Sask. government 'still preparing a response' to open letter on Zika virus, says Duncan

Saskatchewan's Health Minister Dustin Duncan says his ministry is still looking into the specifics of Zika virus concerns raised this week.

Zika virus something Saskatchewn needs to be prepared for: Health Minister Dustin Duncan

Health Minister Dustin Duncan says Saskatchewan is still looking into the threat of the Zika virus. (CBC)

Saskatchewan's Health Minister Dustin Duncan says his ministry is still looking into the specifics of Zika virus concerns raised this week.

On Monday, medical geneticist and retired professor of pediatrics Edmond Lemire wrote an open letter to the Saskatchewan minister saying that the province would not be prepared for a Zika virus-type outbreak. He said Saskatchewan lacks good baseline data on congenital anomalies or birth defects in the province to properly study the threat of Zika virus in the province.

"It is something that we want to make sure that we're prepared for in the event that this is something the Saskatchewan health care system is going to have to be dealing with," Duncan told reporters. "I can't go too far into the response to the specific concerns that have been raised in the letter, because we just received it in the last couple of days and we're still preparing a response to it."

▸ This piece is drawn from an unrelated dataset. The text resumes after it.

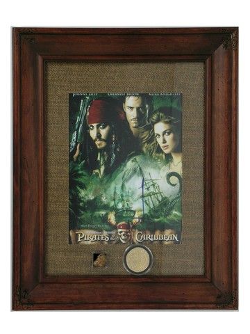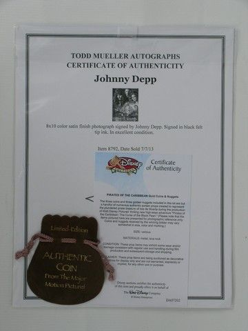 Framed "Pirates of the Caribbean" artwork autographed by Johnny Depp, with framed gold nugget and gold coin screen used in the film "Pirates of the Caribbean - Curse of the Black Pearl" (2003). COA included from Todd Mueller Autographs for the signature, plus COA from Disney Auctions for the gold nugget and gold coin, as well as felt bag from Disney that reads "Limited Edition Authentic Coin from the major motion picture" Beau fully framed and matted. Approx 18" x 15".
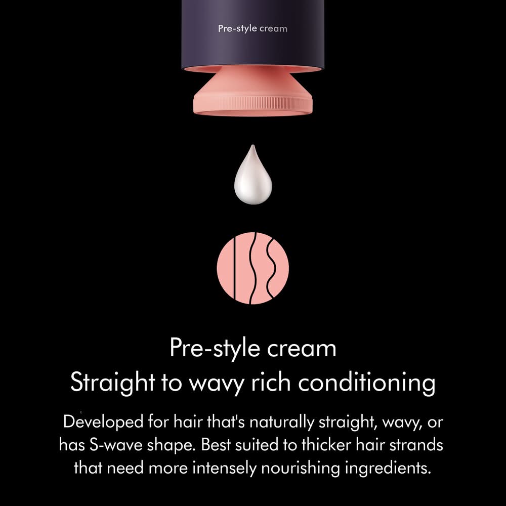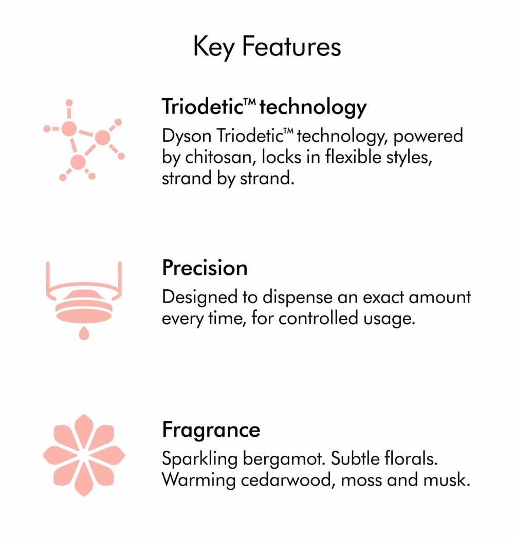 Available in four formulas, each precisely blended with ingredients to deliver the best results for your specific hair type. Hair Texture Straight, Wavy, Curly, and Coily. Hair Type Fine, Medium, and Thick, Hair Concerns Hold & Style Extending Shine. Key Benefits Provides 2X longer hold. Without the crunch. Up to 50% less frizz. Conditions the hair surface. Highlighted Ingredients Chitosan Locks in flexible hold. Argan Oil Reduces frizz. Grapeseed Oil Seals in shine. Dyson uses chitosan derived from oyster mushrooms, not shellfish in our styling range. Mushroom derived chitosan offers a sustainable and non-allergenic solution for our active ingredient. -Ingredient Callouts Free of parabens, formaldehydes, formaldehyde-releasing agents, phthalates, mineral oil, retinyl palmitate, oxybenzone, coal tar, hydroquinone, sulfates SLS & SLES, triclocarban, and triclosan. What Else You Need to Know Conventional retention products create a glue like bond between strands, leaving hair feeling crunchy. In response, Dyson has developed a lightweight retention product that conditions each individual hair while locking in your style.

I think we will be as prepared as we possibly can for this.- Dustin Duncan, health minister

When asked if the province was prepared for the virus, Duncan said, "I think we will be as prepared as we possibly can for this, but again it's still pretty early just in terms of the public discourse and in the conversations that we're having behind the scenes." Although the mosquito that transmits the virus is not present in Canada, there have been three confirmed cases in Quebec.

Lemire's letter said the province needs a congenital anomalies surveillance system. He said if there were a system, experts could have an accurate baseline on the prevalence of birth defects, track trends to create prevention strategies and service planning, investigate changes to see if there are environmental causes to birth defects and provide information to health care professionals.

"I think it's too soon to make any commitments around that," Duncan said in regards to the surveillance system, saying that the recommendation for one still had not been made to him. "If they were to make that recommendation, it's something that we'd obviously have to consider seriously."

Earlier this week, the chief medical health officer with the Ministry of Health, Dr. Saqib Shahab, said Canada uses the national surveillance system, and that the pilot project for a Saskatchewan one was not sustainable.